Both of them were drenched and shivering, and the breeze was cold.
“Come along over to my camp. Fire there,” said Tom. “We’ll put your canoe safe first.”
They pulled the canoe high and dry, rescuing a shot-gun that was tied in it, and then the two boys took up the heavy pack and started across the ridge to the old barn.
The fire was still smoldering, and Tom built it up to a roaring flame. He hastened to change his wet clothes for dry ones; but Charlie, who had no other clothes, merely stood in the heat until he steamed like a kettle, finally becoming passably dry. He said there was tea in his pack, however, and Tom hastened to get it out. There was a little sugar, too; and they hastened to boil the tea, and drank great mugs of the hot, strong, sweet beverage, the first hot drink Tom had had for several days.
As Charlie thawed out he explained that he belonged to an Ojibway village north of Oakley, but he had been trapping far in the northwest with two friends all winter. They had taken another route home; he was returning this way alone with his fur pack, and after selling the plunder he was going to spend the summer at his village. The boy had been partly educated at a mission station. He spoke both English and French in some fashion, frequently mixing them, and when excited he combined them with his native tongue in a manner that would have shattered the nerves of a philologist.
He presently opened up his pack of furs, and Tom was astonished at the showing. There were nearly fifty minks, scores of muskrats, besides skunks, sables, foxes, fishers, and weasels. Altogether there must have been upward of a thousand dollars’ worth of peltry, and all the skins were taken off, cured, and stretched with a neatness that showed the boy an expert at his craft. There were several deer hides also, and one bearskin. Charlie told a great tale of how they had smoked the bear out of his winter nest.

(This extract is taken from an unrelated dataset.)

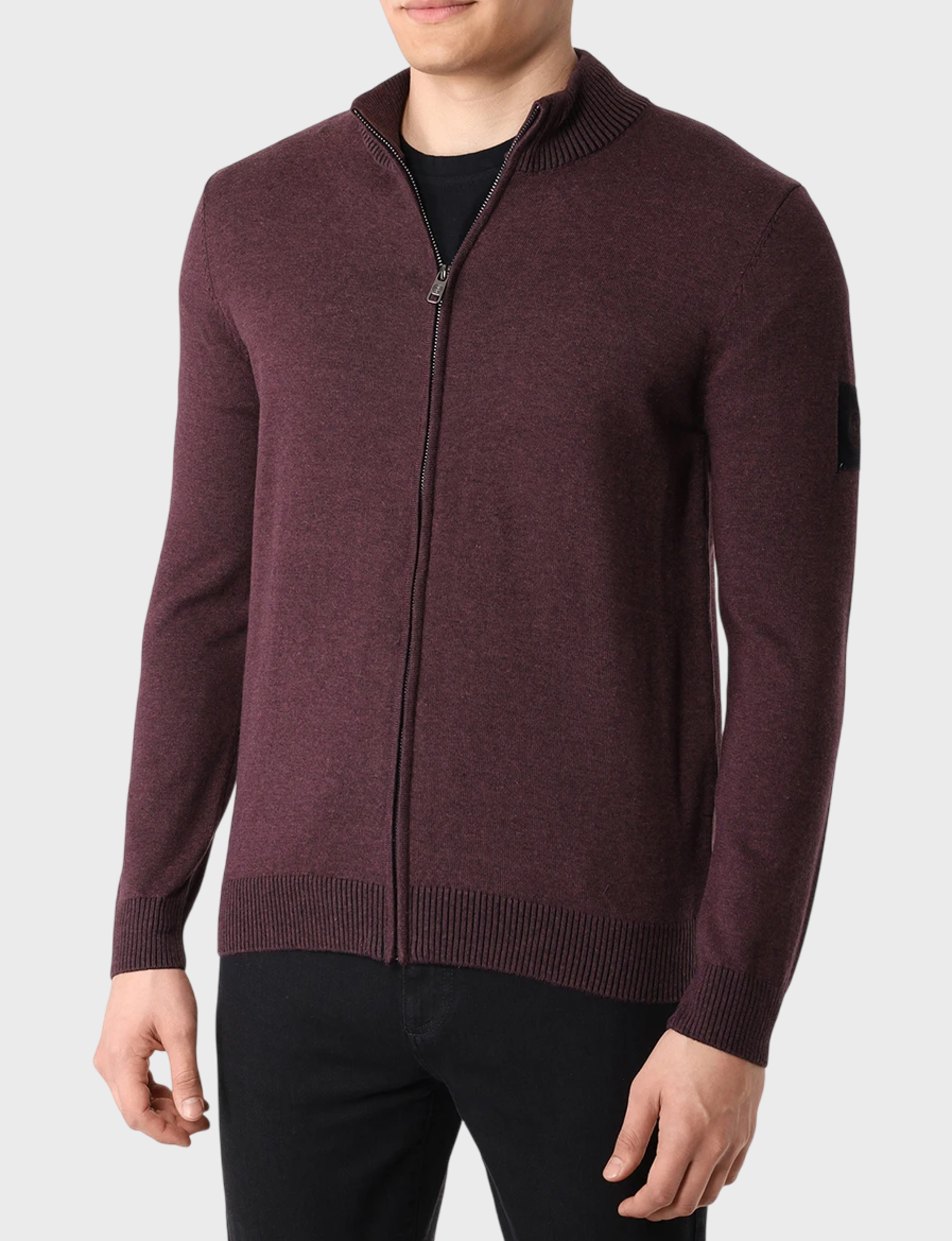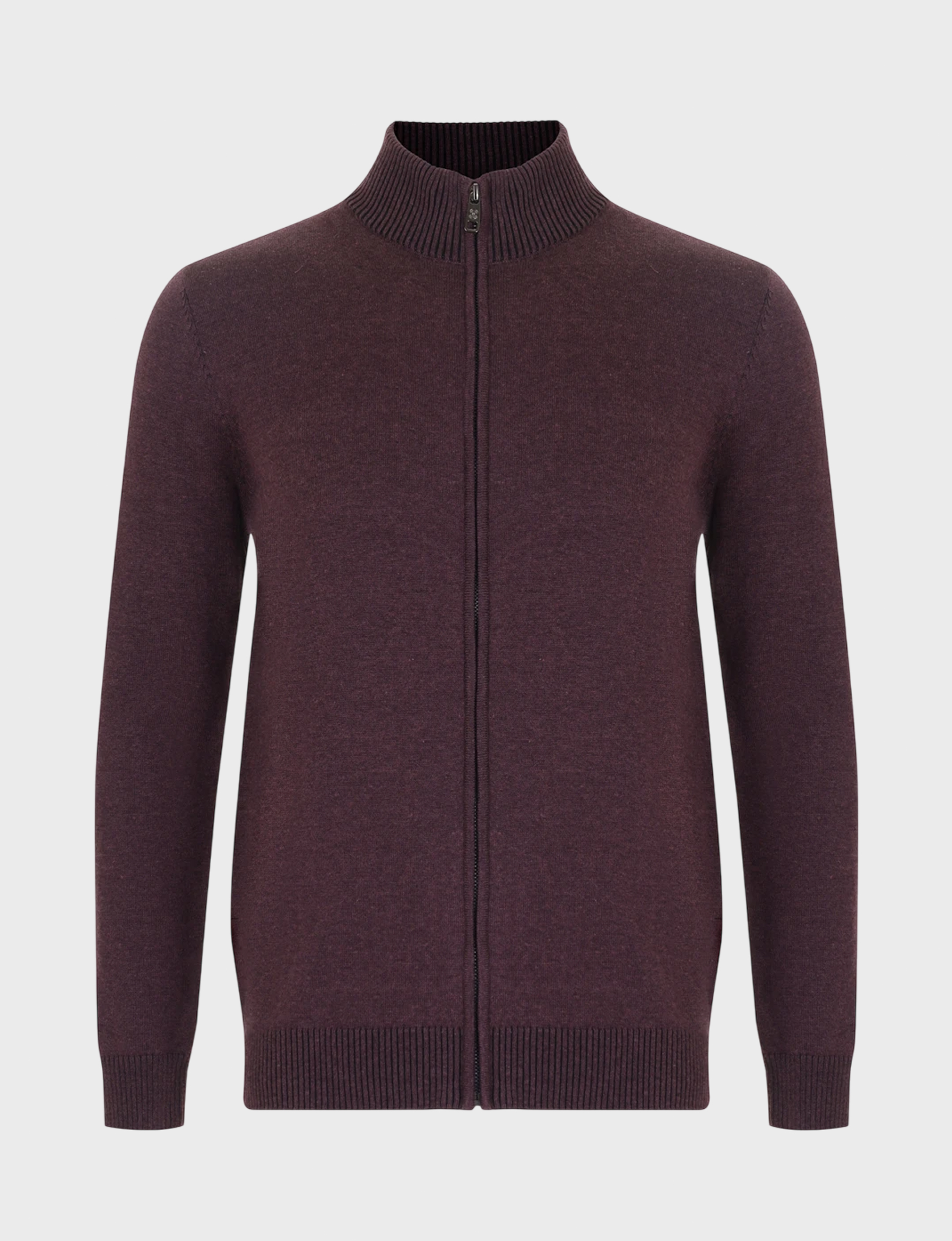 Кардиган из мягкого хлопка винного оттенка от CUDGI. Модель полуприлегающего силуэта с длинными рукавами, рельефными манжетами, поясом и высоким воротником, логотипом бренда на плече, застежкой на молнию. Кардиган дополнит повседневные образы с джинсами и базовой футболкой или тонким трикотажем.

“You trap, too,” he said, his eye lighting on Tom’s single mink skin. “Good pelt, if it ain’t shot. Too bad. Ain’t stretched right neither. You git mebbe seven dollar.”
“More than that,” said Tom. “Look here, you want to trade? I’ll swap you that pelt for some of your traps and grub and—what else you got?”
“Dunno,” said Charlie cunningly. “What you want?”
The boys plunged into a war of bargaining, in which the Indian patience wore out the white nerve. In the end Tom secured four good steel traps, a little tea and sugar and flour from the remains of Charlie’s provisions, and a box of matches, in exchange for the mink and the muskrat skin, an old pair of trousers, and a brilliant red and green necktie which irresistibly took Charlie’s fancy.